> Assignment
Return all the entries exactly. No pictures.
──────── Information ────────
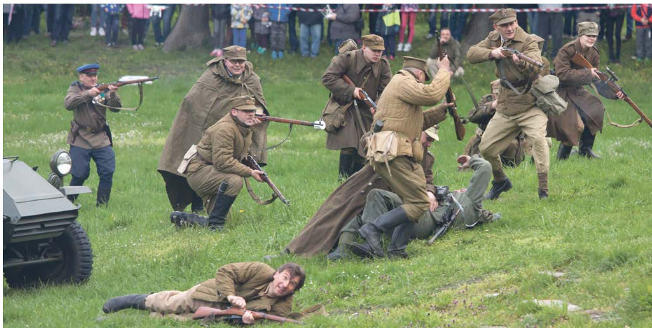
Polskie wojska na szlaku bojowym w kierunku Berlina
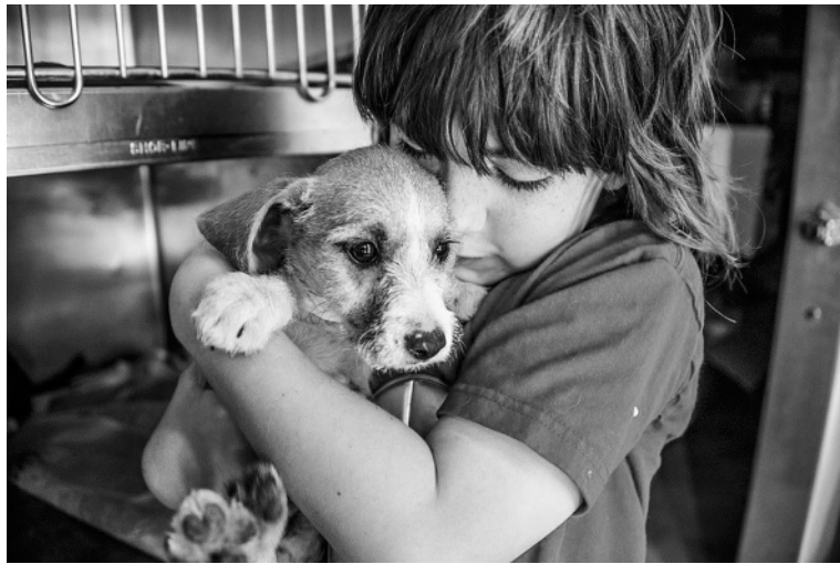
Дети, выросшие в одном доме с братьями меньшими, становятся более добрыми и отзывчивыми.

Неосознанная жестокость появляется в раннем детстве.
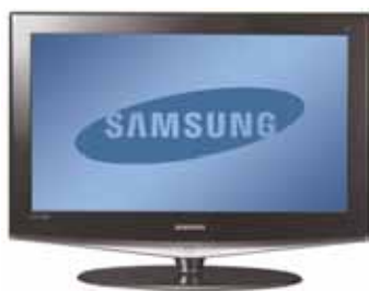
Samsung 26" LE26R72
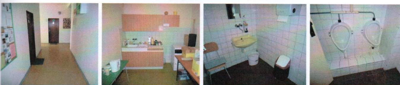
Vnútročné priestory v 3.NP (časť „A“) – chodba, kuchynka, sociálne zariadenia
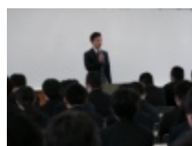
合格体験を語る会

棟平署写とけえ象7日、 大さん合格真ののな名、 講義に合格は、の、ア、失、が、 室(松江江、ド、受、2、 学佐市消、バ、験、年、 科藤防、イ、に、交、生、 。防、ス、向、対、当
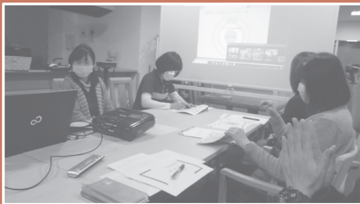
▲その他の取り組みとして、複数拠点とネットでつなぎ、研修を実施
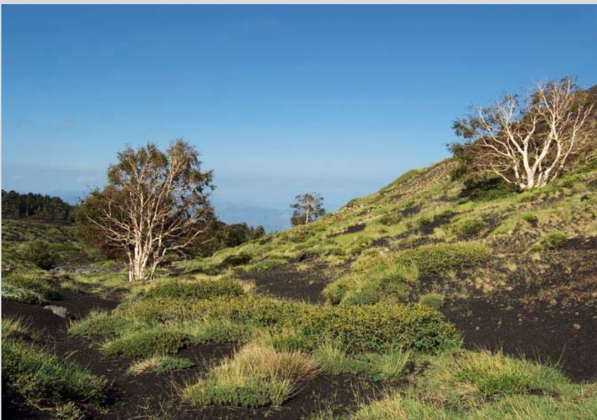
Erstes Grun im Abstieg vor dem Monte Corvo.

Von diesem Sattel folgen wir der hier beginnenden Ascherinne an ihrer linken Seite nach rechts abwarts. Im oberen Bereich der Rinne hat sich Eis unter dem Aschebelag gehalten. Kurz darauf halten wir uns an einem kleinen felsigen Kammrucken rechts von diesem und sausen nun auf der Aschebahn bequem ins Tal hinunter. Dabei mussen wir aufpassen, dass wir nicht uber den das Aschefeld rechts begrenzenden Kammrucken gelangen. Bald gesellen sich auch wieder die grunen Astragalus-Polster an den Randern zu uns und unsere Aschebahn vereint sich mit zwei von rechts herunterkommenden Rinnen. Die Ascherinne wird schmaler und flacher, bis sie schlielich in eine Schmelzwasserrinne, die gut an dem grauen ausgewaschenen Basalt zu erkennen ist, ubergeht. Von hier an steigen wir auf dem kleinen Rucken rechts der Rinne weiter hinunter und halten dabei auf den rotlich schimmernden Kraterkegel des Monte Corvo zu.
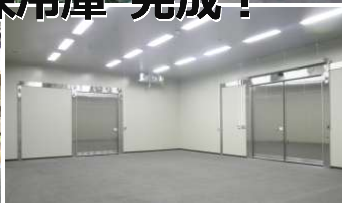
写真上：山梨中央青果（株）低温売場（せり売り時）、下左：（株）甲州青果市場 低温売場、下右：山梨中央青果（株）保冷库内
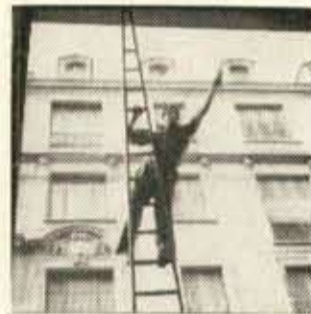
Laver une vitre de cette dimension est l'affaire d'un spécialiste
────────
> Completed exercise
Polskie wojska na szlaku bojowym w kierunku Berlina
Дети, выросшие в одном доме с братьями меньшими, становятся более добрыми и отзывчивыми.

Неосознанная жестокость появляется в раннем детстве.
Samsung 26" LE26R72
Vnútročné priestory v 3.NP (časť „A“) – chodba, kuchynka, sociálne zariadenia
合格体験を語る会

棟平署写とけえ象7日、 大さん合格真ののな名、 講義に合格は、の、ア、失、が、 室(松江江、ド、受、2、 学佐市消、バ、験、年、 科藤防、イ、に、交、生、 。防、ス、向、対、当
▲その他の取り組みとして、複数拠点とネットでつなぎ、研修を実施
Erstes Grun im Abstieg vor dem Monte Corvo.

Von diesem Sattel folgen wir der hier beginnenden Ascherinne an ihrer linken Seite nach rechts abwarts. Im oberen Bereich der Rinne hat sich Eis unter dem Aschebelag gehalten. Kurz darauf halten wir uns an einem kleinen felsigen Kammrucken rechts von diesem und sausen nun auf der Aschebahn bequem ins Tal hinunter. Dabei mussen wir aufpassen, dass wir nicht uber den das Aschefeld rechts begrenzenden Kammrucken gelangen. Bald gesellen sich auch wieder die grunen Astragalus-Polster an den Randern zu uns und unsere Aschebahn vereint sich mit zwei von rechts herunterkommenden Rinnen. Die Ascherinne wird schmaler und flacher, bis sie schlielich in eine Schmelzwasserrinne, die gut an dem grauen ausgewaschenen Basalt zu erkennen ist, ubergeht. Von hier an steigen wir auf dem kleinen Rucken rechts der Rinne weiter hinunter und halten dabei auf den rotlich schimmernden Kraterkegel des Monte Corvo zu.
写真上：山梨中央青果（株）低温売場（せり売り時）、下左：（株）甲州青果市場 低温売場、下右：山梨中央青果（株）保冷库内
Laver une vitre de cette dimension est l'affaire d'un spécialiste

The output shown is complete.